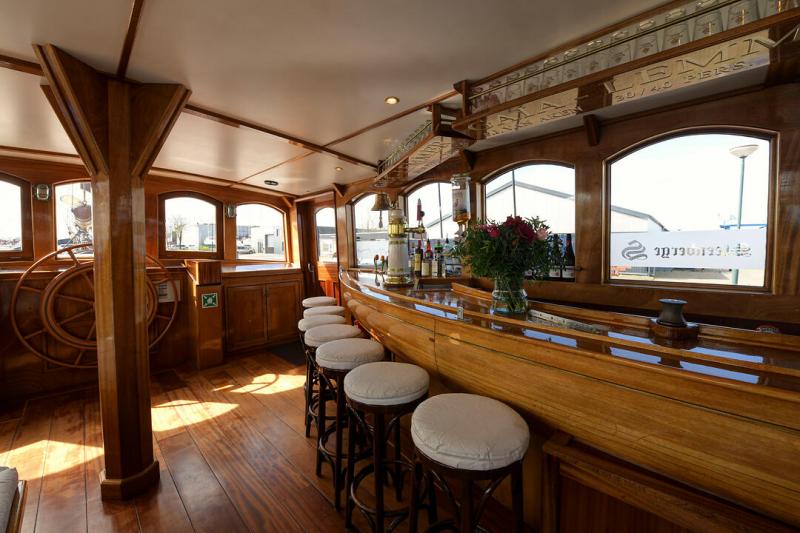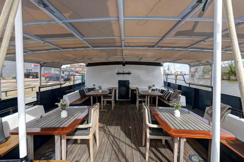 Auf Decksebene befindet sich ein großes Steuerhaus, in dem nicht nur Platz für den Steuerstand ist, sondern auch eine komplette, stilvoll verarbeitete Bar zum gemütlichen Stelldichein einlädt. Dabei haben Sie durch große Fenster rundherum freie Aussicht aufs Wasser. Dasselbe bietet sich Ihnen draußen, auch dort gibt es einen Steuerstand, eine Bar mit Fassbieranschluss und sogar einen Whirlpool. Auf dem Mitteldeck kann man bei schönem Wetter draußen essen. Der große Salon strahlt eine angenehme Atmosphäre aus.
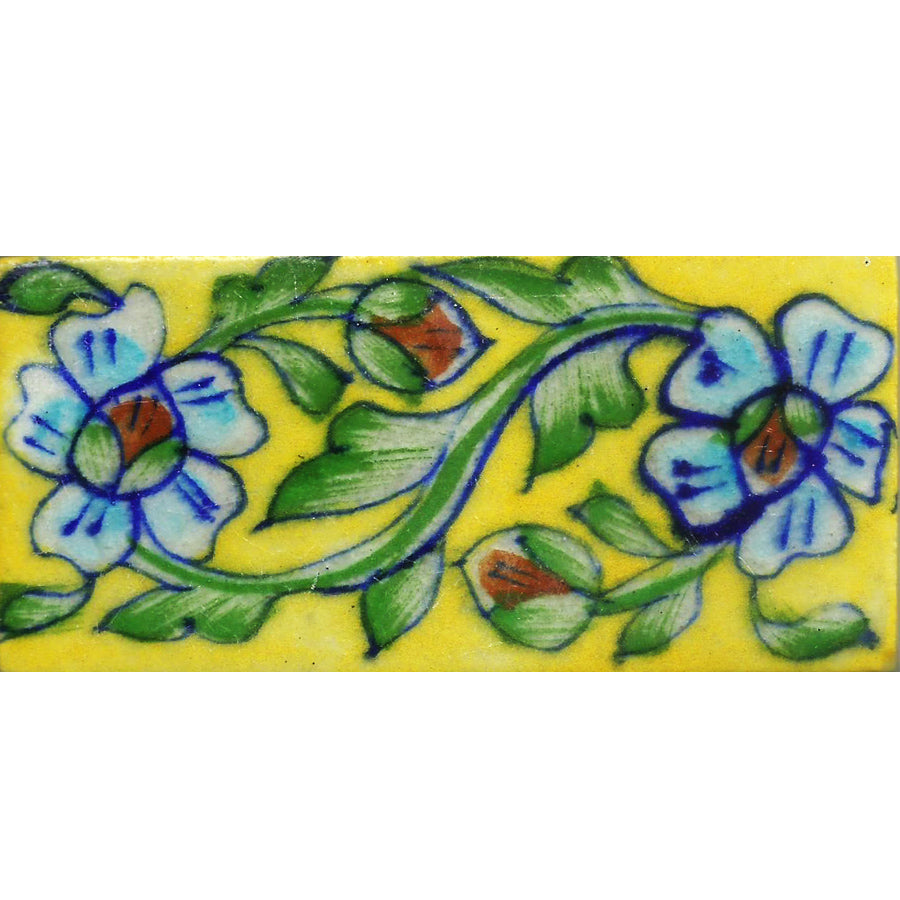 Turquoise Flowers With Green Leaves On Yellow Base Tile
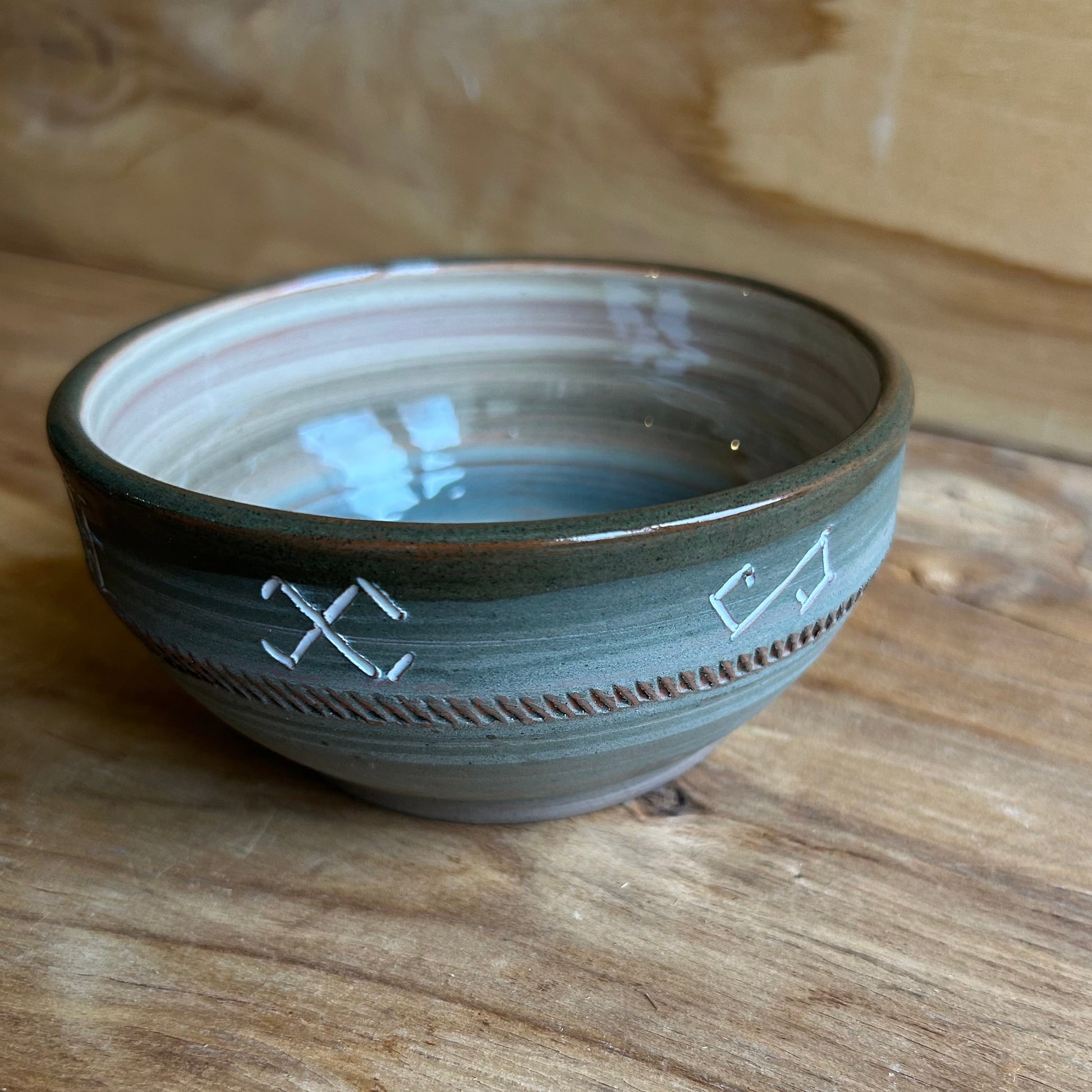 Rokām veidota māla bļodiņa zaļā krāsā ar krāsainu glazūras iekšu un baltiem etnogrāfiskiem ornamentu rakstiem gar malu.
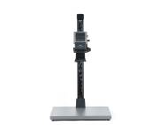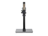 Breite, vibrationsarme Führungssäule aus Aluminium-Profilrohr, mattschwarz eloxiert, mit cm- und inch-Skalen sowie Markierungen für Vergrößerungsmaßstäbe.
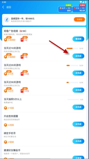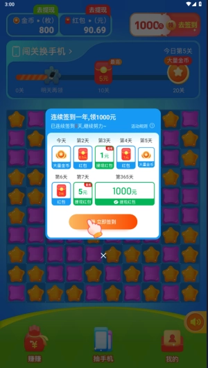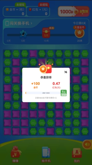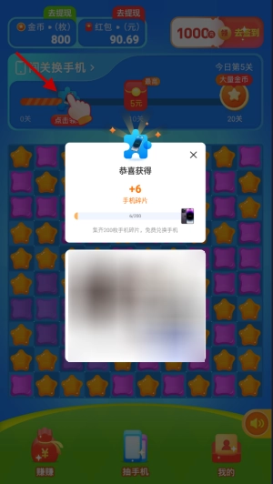 4、除了基础的通关红包外,当玩家达到特定关卡时还能领取额外奖励,像手机碎片这类物品,只要集齐200个就有机会赢取手机大奖。
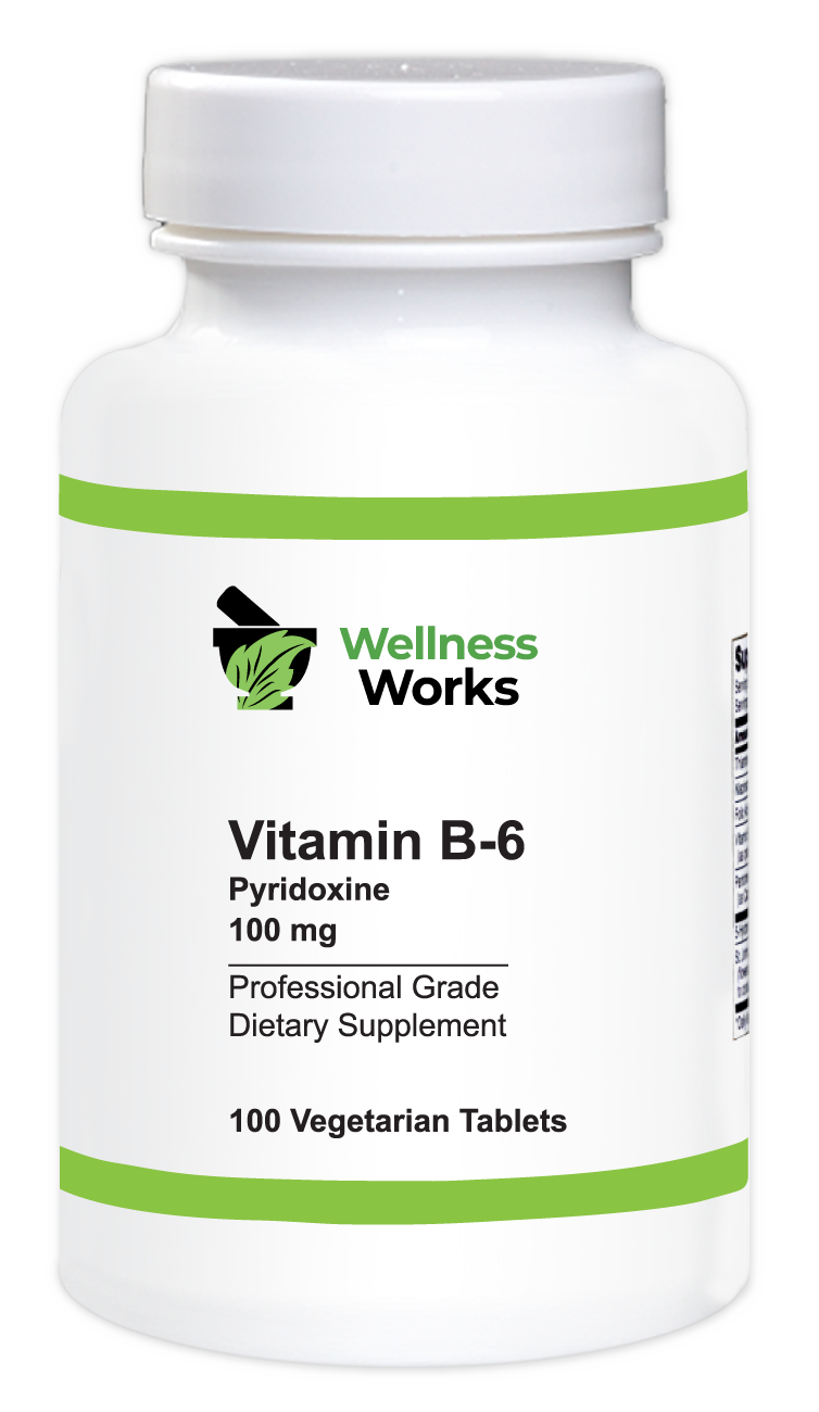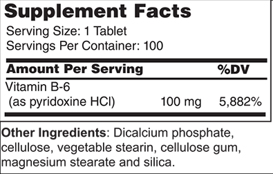 Vitamin B-6 is important in amino acid metabolism, hemoglobin formation, nerve impulse transmissions, and hormone synthesis. Vitamin B-6 supplies 100 mg of pyridoxine HCl in each tablet.

TASK DIRECTIONS >> Please set down every record above exactly as it appears, leaving out the pictures.

RESPONSE TO THIS TASK >>
 Auf Decksebene befindet sich ein großes Steuerhaus, in dem nicht nur Platz für den Steuerstand ist, sondern auch eine komplette, stilvoll verarbeitete Bar zum gemütlichen Stelldichein einlädt. Dabei haben Sie durch große Fenster rundherum freie Aussicht aufs Wasser. Dasselbe bietet sich Ihnen draußen, auch dort gibt es einen Steuerstand, eine Bar mit Fassbieranschluss und sogar einen Whirlpool. Auf dem Mitteldeck kann man bei schönem Wetter draußen essen. Der große Salon strahlt eine angenehme Atmosphäre aus.
 Turquoise Flowers With Green Leaves On Yellow Base Tile
 Rokām veidota māla bļodiņa zaļā krāsā ar krāsainu glazūras iekšu un baltiem etnogrāfiskiem ornamentu rakstiem gar malu.
 Breite, vibrationsarme Führungssäule aus Aluminium-Profilrohr, mattschwarz eloxiert, mit cm- und inch-Skalen sowie Markierungen für Vergrößerungsmaßstäbe.
 4、除了基础的通关红包外,当玩家达到特定关卡时还能领取额外奖励,像手机碎片这类物品,只要集齐200个就有机会赢取手机大奖。
 Vitamin B-6 is important in amino acid metabolism, hemoglobin formation, nerve impulse transmissions, and hormone synthesis. Vitamin B-6 supplies 100 mg of pyridoxine HCl in each tablet.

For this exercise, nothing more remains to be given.